The uneasy future of trash disposal

Published 12:00 am Thursday, November 29, 2007

The business of waste disposal, as we know it, may be in for an abrupt change.

It was about 30 years that eight localities —

Southampton and Isle of Wight counties, Franklin, Suffolk, Chesapeake, Norfolk, Virginia Beach and Portsmouth — formed the Southeastern Public Service Authority to meet the region’s garbage-disposal needs. It was designed to restrict the disposal of commercial and residential trash from those localities to SPSA-operated facilities.

The plan banked on SPSA functioning as a virtual monopoly, which, officials said at the time, would keep costs down and maintain a steady flow of trash into SPSA landfills, allowing SPSA to accurately plan the size and location of their properties.

That design, called flow control, was ruled unconstitutional by the U.S. Supreme Court in 1993. The high court reversed itself recently, and SPSA, not surprisingly, wants its member localities to re-embrace flow control, requiring haulers of commercial waste to use SPSA disposal facilities. Private waste companies, backed by the businesses they service, are lobbying localities to resist the temptation.

Southampton County has adopted flow control. The Franklin City Council has set a public hearing on the matter for Monday.

Normally, we would agree on the need to keep government meddling at a minimum. In this case, however, we tend to agree with SPSA that garbage disposal is analogous to a public utility.

Just as government regulates power companies to control the effusion of power lines and substations, so should local governments have the right to regulate the trash stream that originates in their jurisdictions.

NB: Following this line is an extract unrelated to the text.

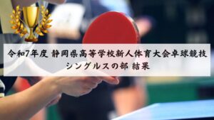 12月23日(火)~25日(木)に行われた第53回全国高等学校選抜卓球大会東海選考会 兼 令和7年度東海高等学校新人卓球大会および1月17日(土)に行われた令和7年度 静岡県高等学校新人体育大会卓球競技 シングルスの部の結果を掲載いたしました。
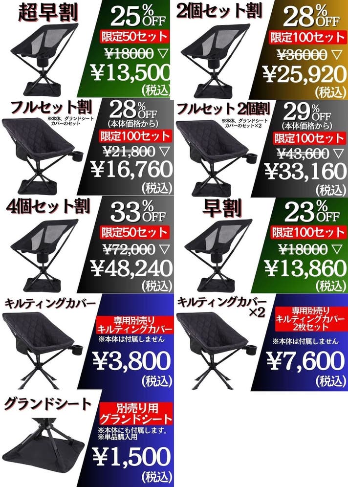 【4個セット割23760円OFF】アウトドアチェア4脚+グランドシート4枚

Without flow control, officials setting solid waste disposal plans cannot ever be certain of the size they should plan for their landfills. If they plan small landfills, what are they to do when garbage haulers (for any number of reasons) choose to quit hauling trash to private dumps? If they plan larger landfills, anticipating trash from local businesses, they put themselves at risk of extortion by haulers who threaten to take their trash elsewhere if their rates aren’t lowered.

In fact, that’s what happened to SPSA after the original Supreme Court decision in 1993. SPSA was organized and incorporated under the assumption that its landfill would handle all local trash at a specified rate. When the court’s decision allowed private haulers to take commercial trash elsewhere, SPSA was forced to offer those haulers a much lower rate in order to preserve some of the viability of its business model.

Regulating waste disposal as a sort of public utility would give municipal planners a better handle on the future they’re trying to predict.

Another, equally important, point is that residential customers are subsidizing businesses under the current plan. Citizens are not allowed to contract with private haulers to take away their garbage and are therefore captives of the government garbage monopoly.

The low rates commercial entities receive as a result of the leverage they gain from freedom of choice translate into huge price increases for residential customers.

To be sure, consumers will see increases in the price of goods as a result of the higher cost of doing business. In a free market, though, the cost of goods should be reflective of the cost of doing business; the former should not be artificially depressed by burdening taxpayers with the latter.

That’s corporate welfare on a local level.